Recommendations: Review product instructions; consider liability implications when deciding on voluntary product recalls.

V. No financial liability limits anymore

Due to the no-fault principle, product liability has so far been limited by financial limits. In Germany, for example, property damage of below EUR 500 could not be claimed for, while liability for damages to health was capped at EUR 85 million.

The new Product Liability Directive no longer provides for such liability limits. In future, economic operators can therefore be held liable without limitation, regardless of fault.

Recommendation: Adjust insurance policies.

VI. Prolonged development risk defence

No-fault product liability claims continue to expire automatically 10 years after the date when the product was placed on the market.

In future, however, there will be an exception if there is a longer latency period of the damage to health. In such a case, claims will only expire after 25 years – a period after which important documents and persons involved are in most cases no longer accessible.

Recommendation: Adapt insurance policies, draft new SOPs for the retention period of certain documentation.

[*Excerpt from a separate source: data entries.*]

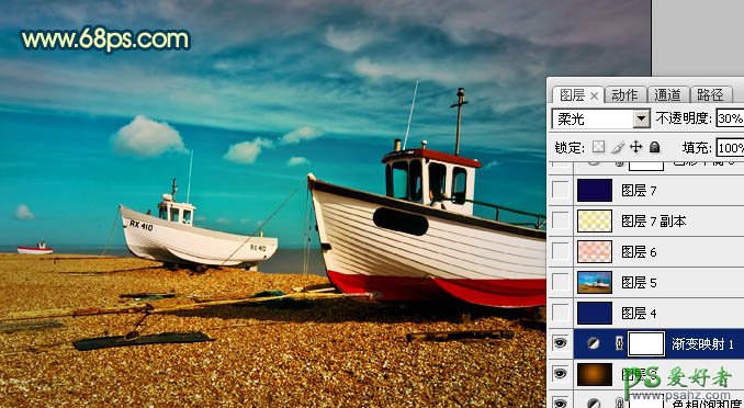 8、创建渐变映射调整图层,颜色设置为黑白如图17,确定后把图层混合模式改为“柔光”,不透明度改为:30%,效果如图18。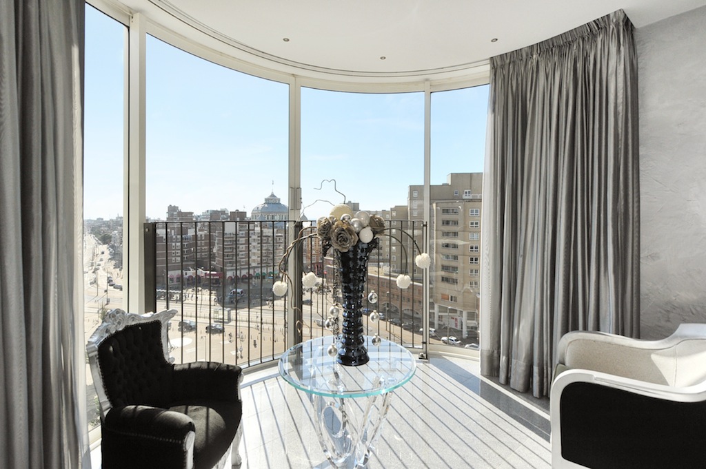 Spanning the full tenth floor of the prominent "Plaza Leonardo da Vinci" apartment complex is this apartment approximately 275 sqm, only 200 m from the sea, with a fantastic view of iconic Kurhaus Hotel, the beach, sea and dunes. The apartment features all conceivable luxuries, including an expansive living room of over 115 sqm with two connecting bright sunrooms, two (previously three) good-sized bedrooms, two bathrooms (previously three), a separate sauna and the possibility to purchase a closed garage box for two parking spaces and a third parking space. The apartment complex, widely known for it Golden Ball as designed by Cees Dam, has international appeal with exquisite finishes and excellent security.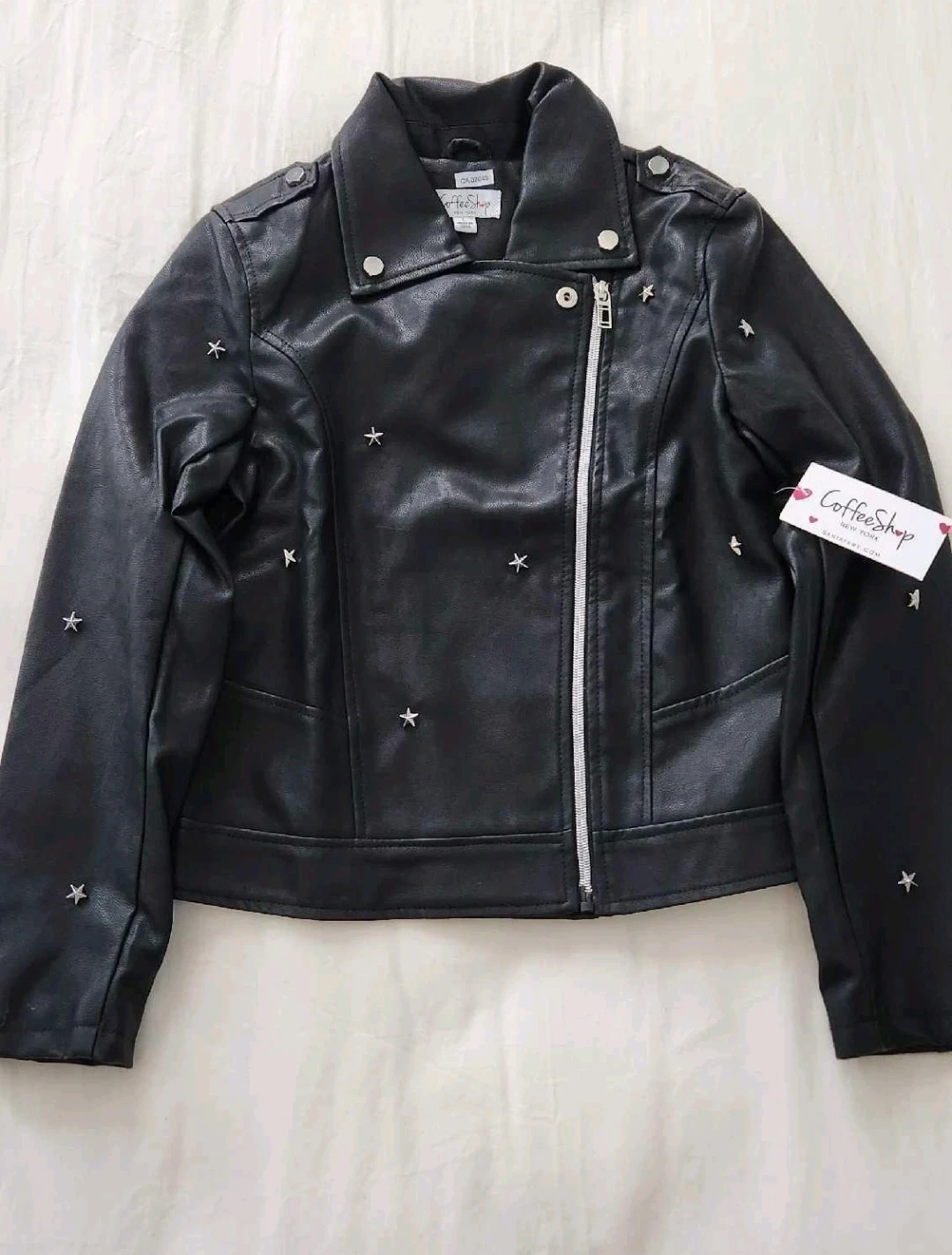 20Here's a CoffeeShop black faux leather jacket! It's new and features a stylish design with star embellishments. Perfect for adding a bit of edge to any outfit for tweens! Size L (12)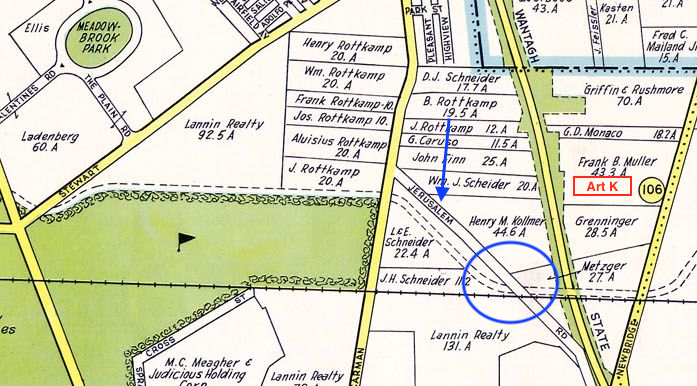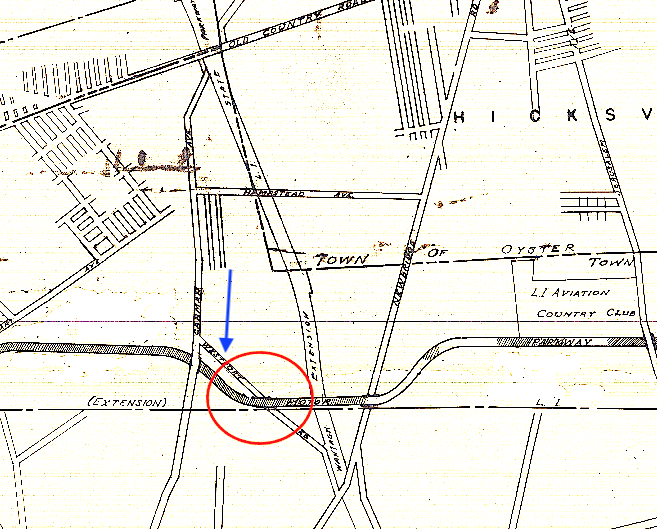 So the stretch of the Motor Parkway from where it turns SE (E of Carman Avenue) to where it turns E again ran parallel to Old Westbury Road, and just south of it. Based on modern maps, it appears that this stretch of Salisbury Park Drive came from Old Westbury Road, and not from the Motor Parkway. Where the Motor Parkway was is now occupied by baseball fields and the Knolls residential community. Or am I off base?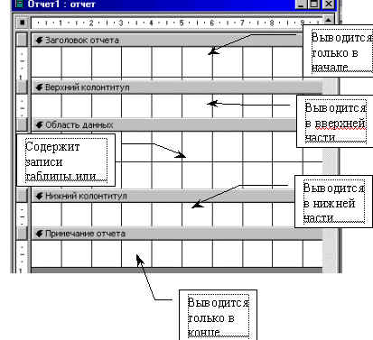 Сведения в отчете могут быть разбиты на разделы. Все отчеты содержат область данных, но отчет также может включать разделы заголовка отчета, верхнего колонтитула, нижнего колонтитула и примечания отчета. Каждый раздел отчета имеет свое предназначение и печатается в определенном порядке.

The dossier adopted by the European Parliament is currently undergoing legal linguistic revision and is expected to be voted in the so-called “corrigendum” procedure in autumn. After entering into force, the member states have two years to transpose these new strict product liability rules into national law. In Germany, extensive changes to the ProdHaftG are to be expected. The new, massively tightened product liability will then apply to products that are placed on the market from this date; the previous ProdHaftG will continue to apply to all products that have been placed on the market to date or until implementation.